Stablecoins Fail as Uniform Safe Havens During Market Stress
New registry-based data from Austrian service providers reveals a sharp divide in how retail and institutional actors move assets during financial shocks.
Stablecoins do not function as a uniform safe haven during systemic shocks. Using a regulatory registry to identify the on-chain addresses of all registered crypto-asset service providers (CASPs) in Austria, researchers found that retail and institutional participants respond to crises through entirely different mechanisms.
https://arxiv.org/abs/2607.08524
This divergence was most evident during the Silicon Valley Bank failure. While institutional actors triggered withdrawals, retail-like deposits increased, a pattern consistent with the two-tiered redemption mechanism of USDC. These granular shifts remain invisible in aggregate market data, which often masks the friction between different classes of holders.

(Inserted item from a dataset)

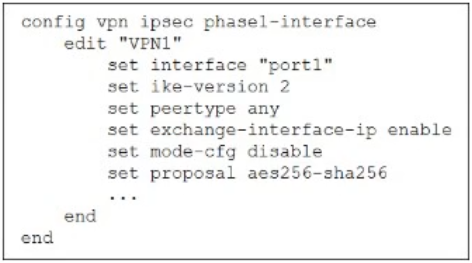 The administrator configured the IPsec tunnel VPN1 on a FortiGate device with the parameters shown in exhibit.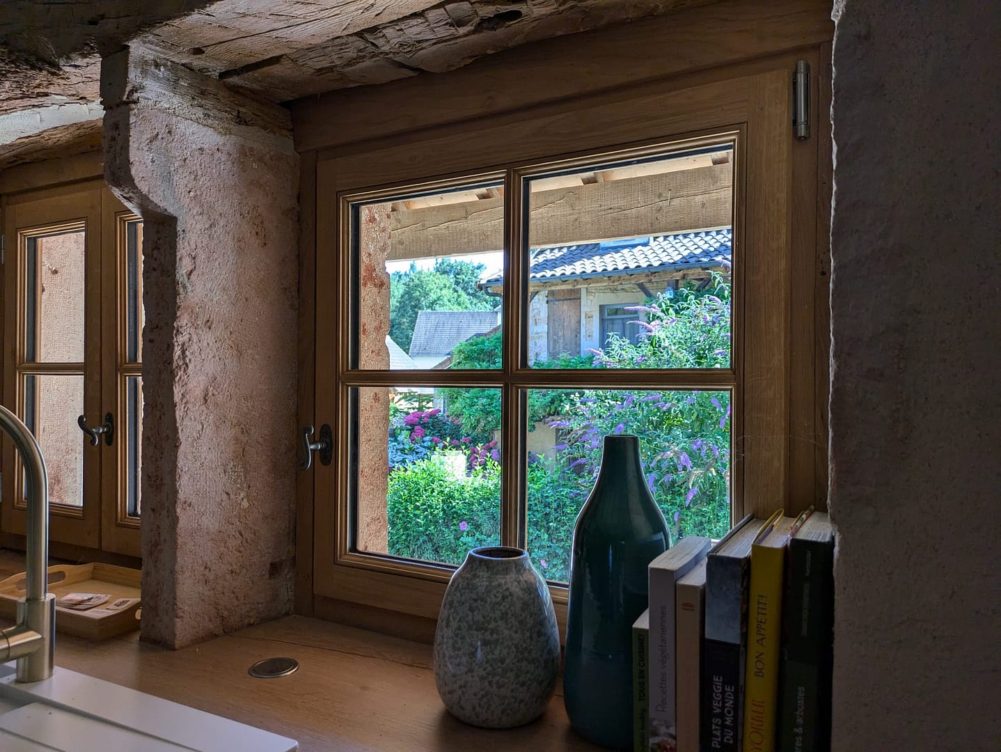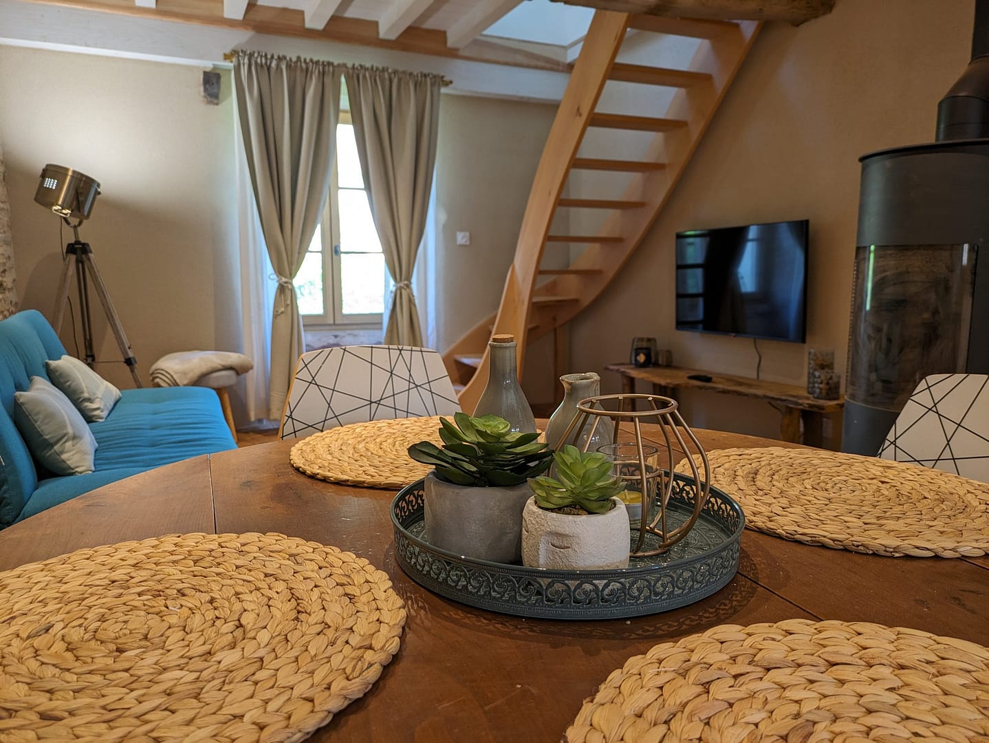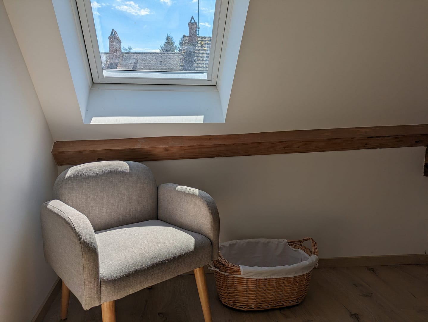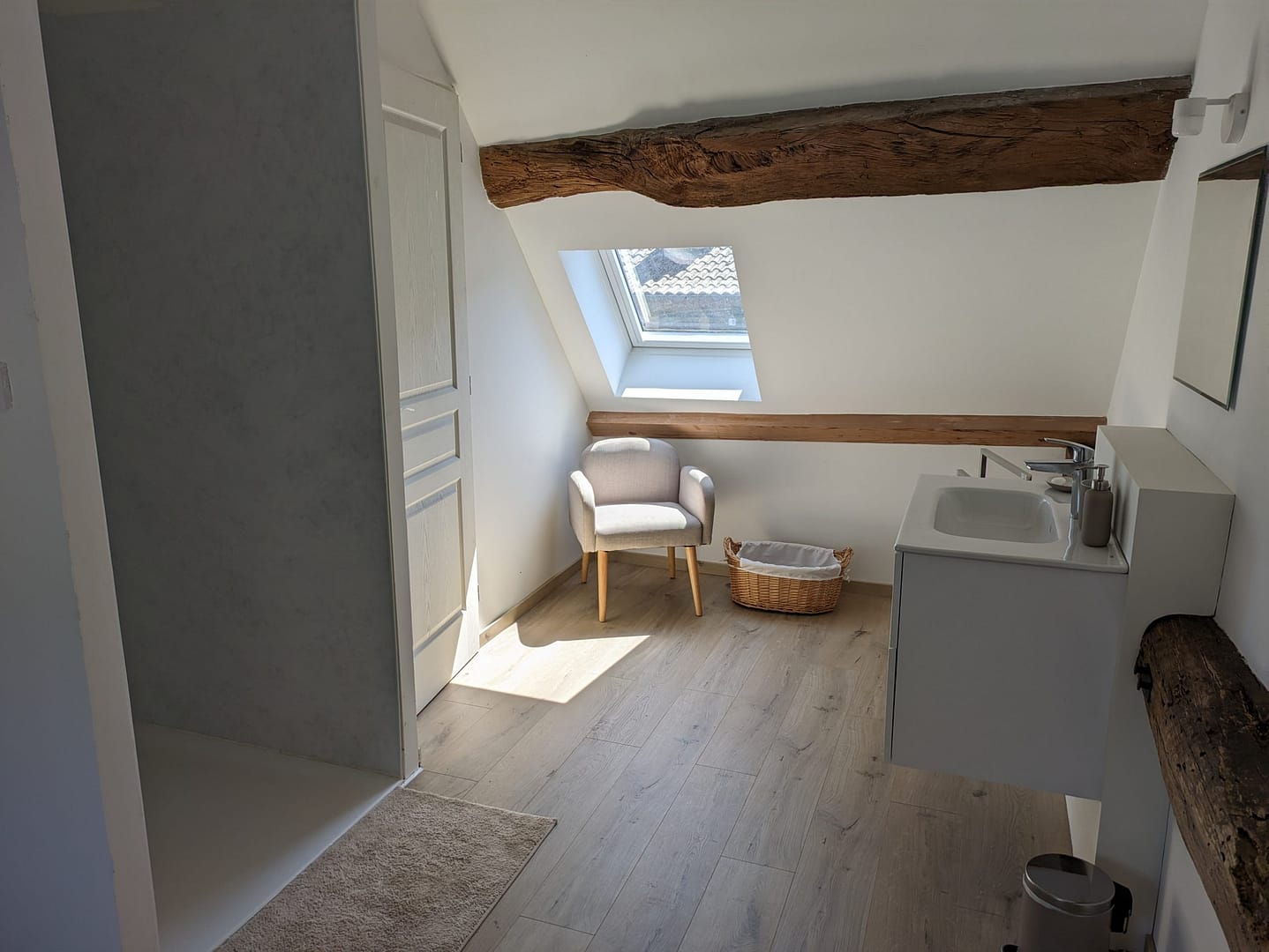 In the corner, a hand-made wooden staircase takes you upstairs, where a double bedroom with walk-in shower and separate WC await.

Austrian CASPs intermediate roughly $30 billion with external counterparties, showing a high degree of global integration rather than domestic concentration. While retail users dominate the number of transactions, a small group of institutional counterparties controls the vast majority of the value.
This methodology provides a reproducible framework for monitoring how cryptoasset markets transmit risk into national economies. The ability to separate institutionally mediated flows from retail activity allows regulators to better understand the entanglement between digital assets and traditional financial stability.